Application-level tracing involves tracing information being recorded for every page within an application. ASP .NET contains a built-in trace viewer for each application's trace information, which is invoked used a special page called trace.axd, off the application root. This level of tracing is disabled by default, but you can enable it by setting the enabled attribute of the <trace> section in Web.config. Listing 9-11 shows a typical <trace> section.
<trace enabled="true" requestLimit="10" pageOutput="false" traceMode="SortByTime" localOnly="true" />
The following list presents the meaning of each of the attributes in the < trace > section:
enabled : If this attribute is set to true , application-level tracing is enabled. If it's set to false , application-level tracing is disabled.
requestLimit : Specifies the number of trace requests that are stored on the Web server.
pageOutput : If this attribute set to true , trace information is displayed on individual pages and on the trace.axd page. If it's set to false , trace information is still displayed on the trace.axd page, but the Trace property of each page determines whether the trace information is shown on that page.
traceMode : Just as with page-level tracing, this attribute controls whether displayed trace information is sorted by time or sorted by category.
localOnly : If this attribute is set to true , you can view the trace.axd page only in a browser running on the same Web server as the application. If it's set to false , remote browsers can also view the trace.axd page.

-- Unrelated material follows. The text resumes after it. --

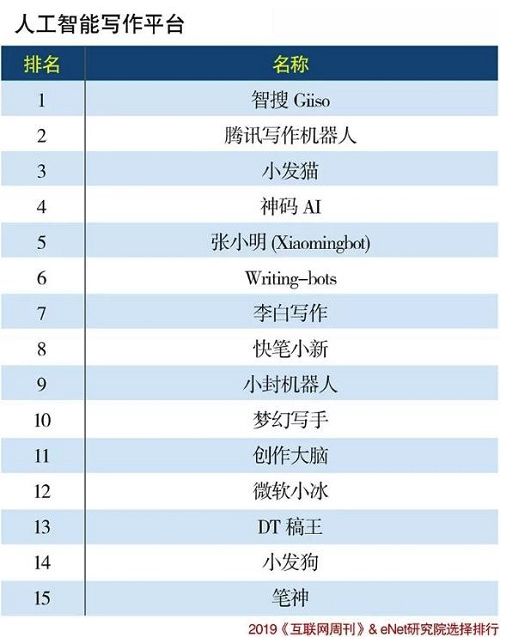 据了解,目前,Giiso写作机器人在媒体领域已得到应用,如深圳报业集团晶报社、济南时报新媒体等平台已经开始使用Giiso自主研发的写作机器人,用于部分文章的写作。在2019年互联网周刊 & eNet研究院评定的人工智能写作平台排行中,Giiso荣登榜首。
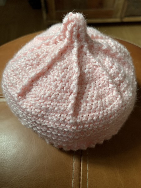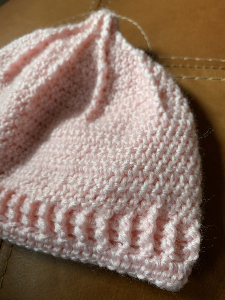 ベビーのどんぐり帽です。「オーガニックコットンで編む赤ちゃんニット」に掲載されているものです。間違えて裏目が表になるように編んでしまいましたが、かわいくできました。

To view application-level trace information in the A spNetDebugDemo application, you should run the solution in Visual Studio without debugging (using Ctrl+F5). Clicking several of the buttons that demonstrate error handling will generate some application activity and trace information. You can view this information using the trace viewer, which you access by clicking the button marked "Show app-level tracing". The code behind this button is shown in Listing 9-12.
Private Sub btnAppTracingShow_Click(ByVal sender As System.Object, _ ByVal e As System.EventArgs) Handles btnAppTracingShow.Click Response.Redirect("trace.axd") End Sub
The trace viewer page for the A spNetDebugDemo application is shown in Figure 9-12. This page shows which application pages have been requested , including the time of the request, and gives you access to the detailed trace for each of the page requests.
Figure 9-13 shows the detailed trace for a page request, which you can access by clicking one of the View Details links shown in Figure 9-12. This page looks similar to the page-level trace information that you saw earlier, but of course without the page controls or any other page elements. Just as with page-level tracing, this page shows any custom trace information that has been generated.
Application-level tracing is most useful for recording and understanding your ASP .NET application's behavior as a whole, whereas page-level tracing is more useful for testing and debugging individual Web pages. In both cases, ASP .NET provides you with the easy-to-use tools that you need to debug your Web applications.